Just one less thing he has to worry about while you're down here
He actually saw your display of ability when you were in a fight at school
He'd gotten there a little too late, however, and witnessed you take a hard punch from a demon
Once he saw you dust yourself off before landing a side kick to the demon's torso, causing them to fly back into the wall, and cause a huge crack to form, he was probably more impressed than anything
Really, bro is more like a proud father that would ask "How did the other guy look?" After a fight involving you
Of course, he dragged the both of you away to scold you
After the other demon was gone, he began asking questions like "Have you always had this ability?", "Where did you come from again?", and "Could I possibly use you to threaten Mammon?"
Mammon
Speaking of the greedy baby boy, he actually walked in on you while you were on an enraging phone call
Baby boy just sat down on your bed, waiting for you to get off of your phone so he could have your full attention
He didn't want to bug you while you were irritated, you're scary and he doesn't want you to be angry with him!
His face pales when he sees you crush your D.D.D. with your bare hand
The device crumpled like a damn paper ball!

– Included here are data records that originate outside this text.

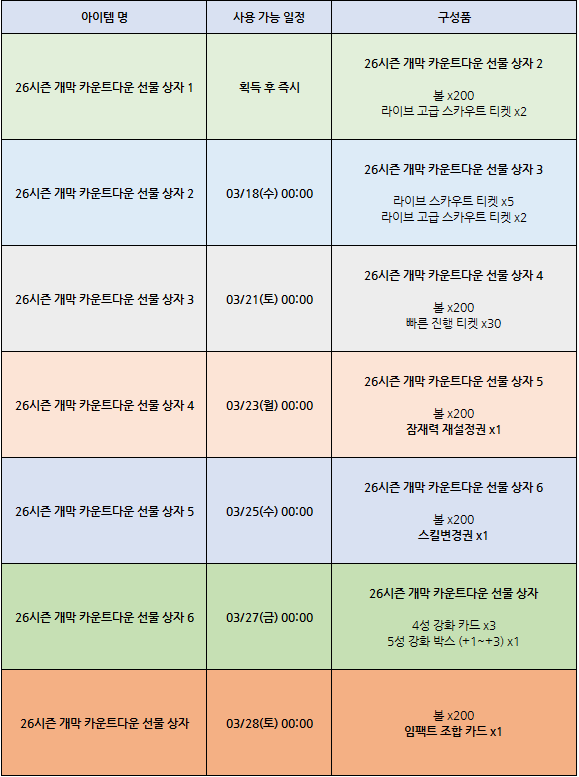 - 26시즌 개막 카운트다운 선물 상자들은 04/04(토) 00:00 까지 사용할 수 있으며, 사용하지 않은 선물 상자는 기간 경과 이후 소멸됩니다.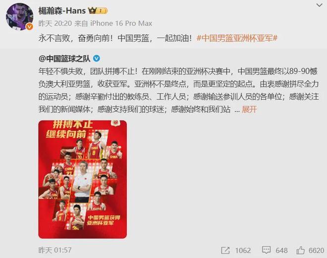 目前杨瀚森已经结束休假回归了开拓者,自8月11日起参加联盟与球队组织的训练营,近日他在忙里偷闲之中祝贺中国男篮夺得今年亚洲杯的亚军。
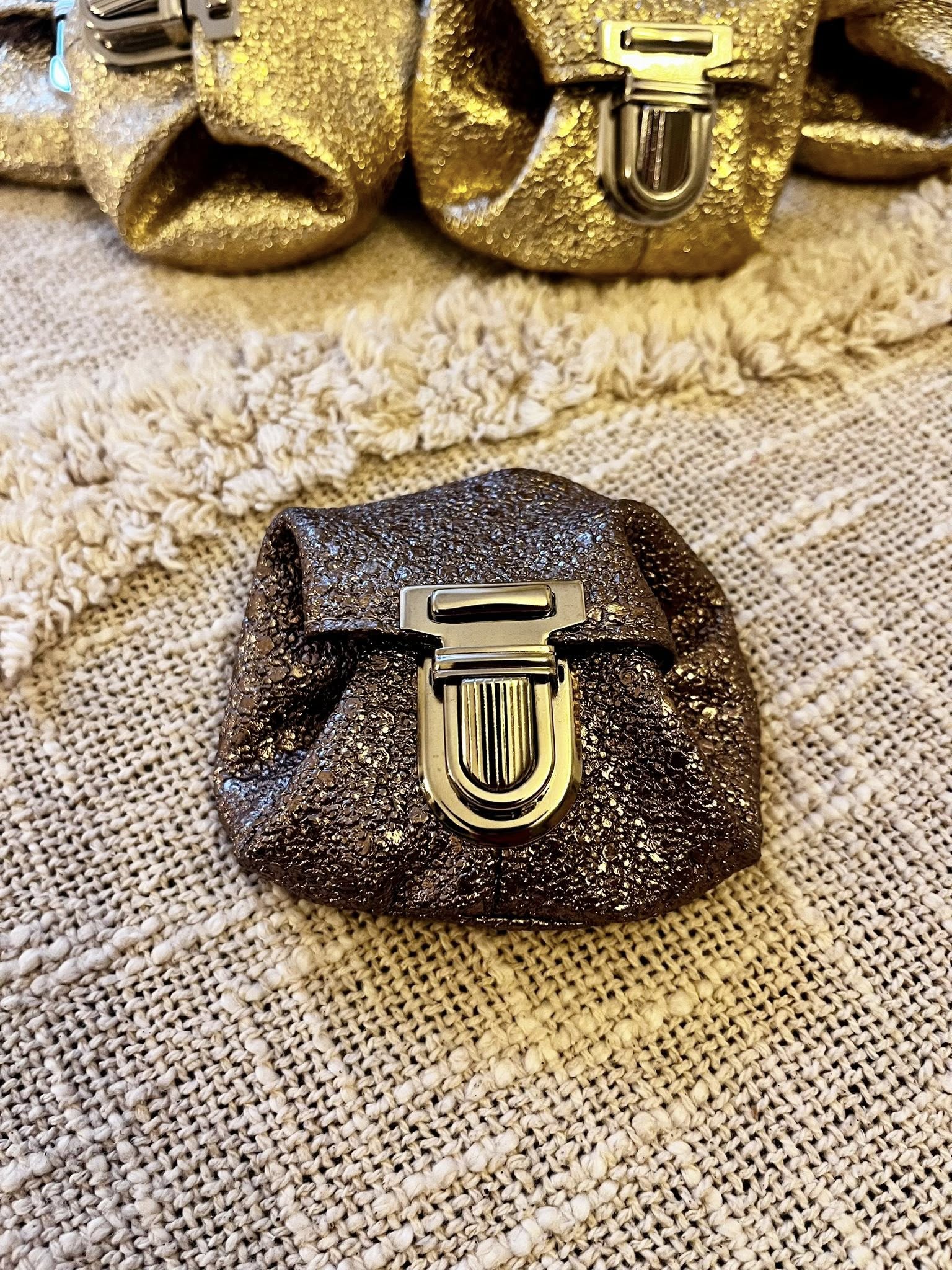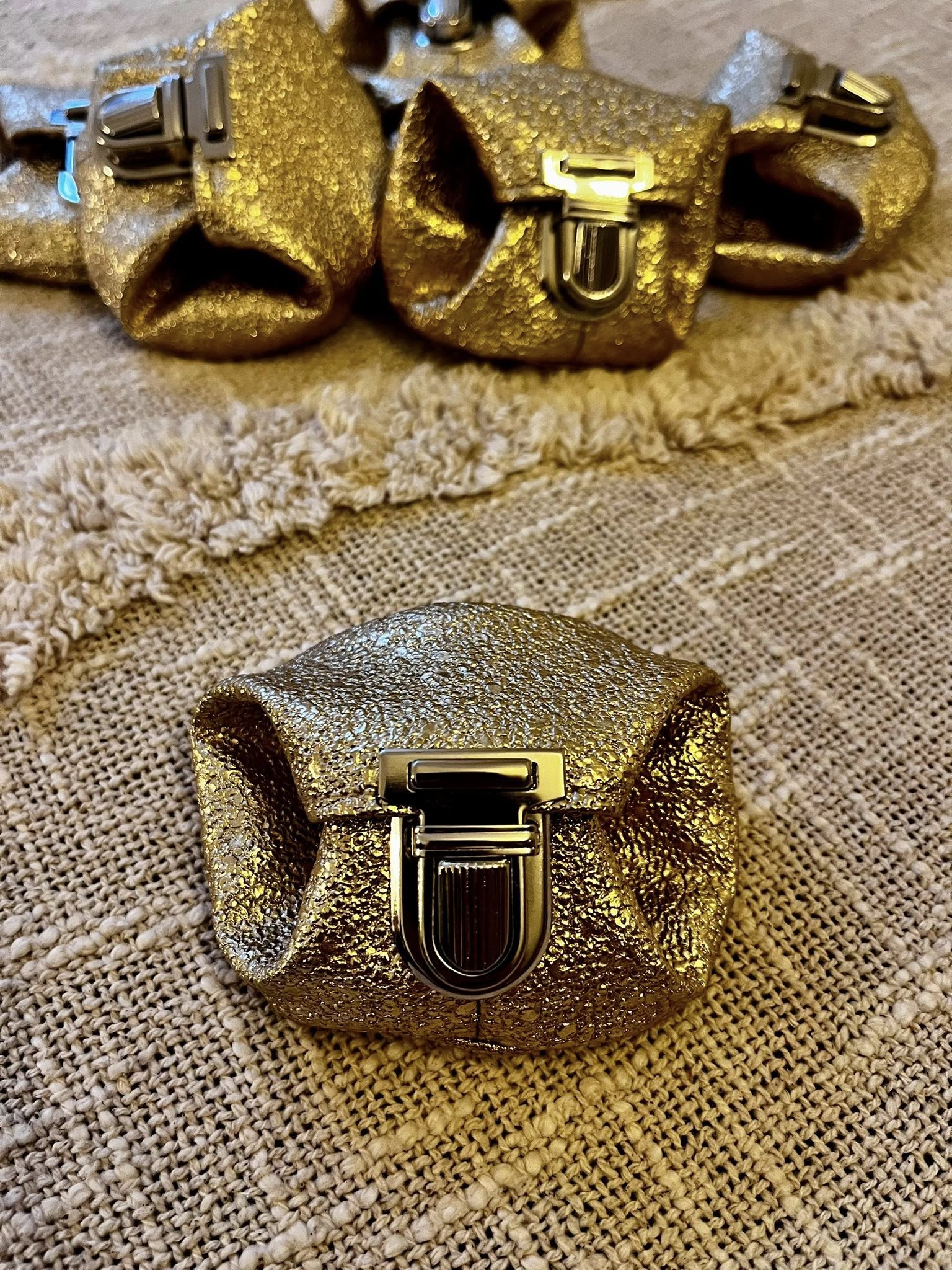 Entièrement cousu main et doublé pour plus de solidité, il est disponible en différentes variations : similicuir brillant ou tissu fantaisie, selon vos envies. Son format compact (environ 7 à 8 cm) en fait l’allié idéal pour ranger votre monnaie, vos bijoux ou vos petits accessoires du quotidien.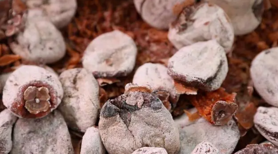 老人告诉她,这是当地特殊的工艺,用大缸制作柿饼,不仅出霜多,口感也更甜。于是她花费70多万元购买了700多口大缸,剩下的柿子全部放入大缸。
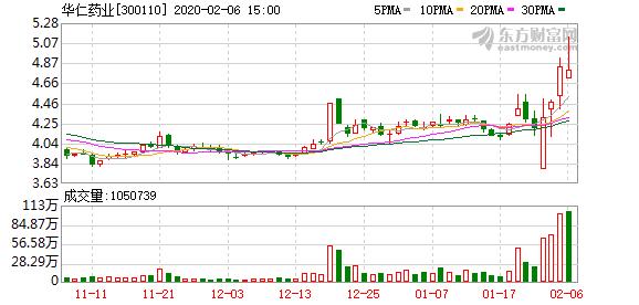 2020年2月26日,华仁药业A股开盘4.61元,全日下跌3.20%,股价收报4.54元。自2020年2月24日以来,华仁药业收盘价连续三日收于年线(250日均线)之上。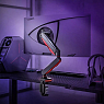 Удобную подставку для монитора можно вращать на 180°, двигать вперед и назад, поворачивать вправо и влево, вверх и вниз. Благодаря газовой пружине в конструкции кронштейна, его положение свободно регулируется одной рукой. Обеспечивается наименьшее давление на позвоночник при ее использовании. Матовый корпус оснащен двумя USB-портами, подсветкой, а его основание не займет много места на рабочем столе.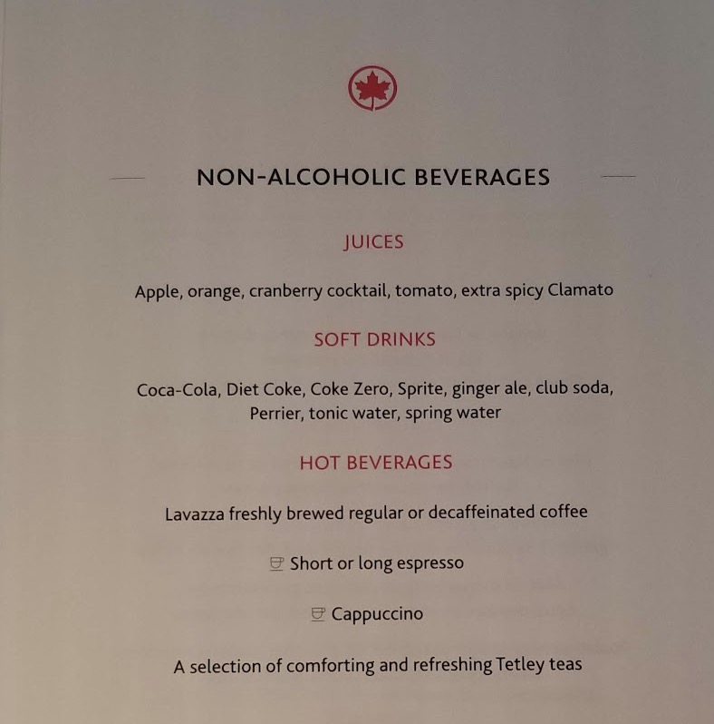 Air Canada Boeing 787-9 Dreamliner Business Class Menu

He yelped at the sight, sunglasses falling off of his face
You sighed and looked over at him, a smile forming on your face
"What's up, Mammoney?" You asked sweetly
"Uh-uh, nope, we ain't just gonna sit here and pretend like that shit didn't just happen, since when could you, a human, do shit like that! I thought all humans were weak!"
You just kind shrugged. "I'm a different kind of human, mind you, I was summoned here from a different dimension all together. I'm probably not like the humans you're used to interacting with."
Well, the only humans he interacts with are witches
"W-Whatever, I wanted to ask ya if ya had any money I could borrow to pay back the witches, but I might just consider taking ya with me to scare'em off."
Leviathan
The two of you were playing video games one night
You happened to be quite the gamer yourself, only you played more arguably rage-inducing games
You explained to him how you managed to punch a whole through your PC once and he totally doesn't believe you at first
"Yeah, right. A normie like you couldn't possibl-"
You showed him a photo that you'd taken a long time ago when the events transpired
His jaw drops at the damage
"N-No way!"
Is actually pretty amazed by it but lowkey still doesn't believe you until he sees you break Belphegor's wrist and sending him flying with a punch when the Avatar of Sloth attacked you
Asmodeus
Bro immediately gets horny
Especially if he finds out via you getting into a fight with someone over him
Like this lower demon will not get the hint and he puts his hand on Asmo
Homeboy is about to go fucking feral, but before he can, he sees you grab the demon by the throat and slam his body to the concrete, earning a loud crack
"Oh my, MC, I didn't realize how strong you were~"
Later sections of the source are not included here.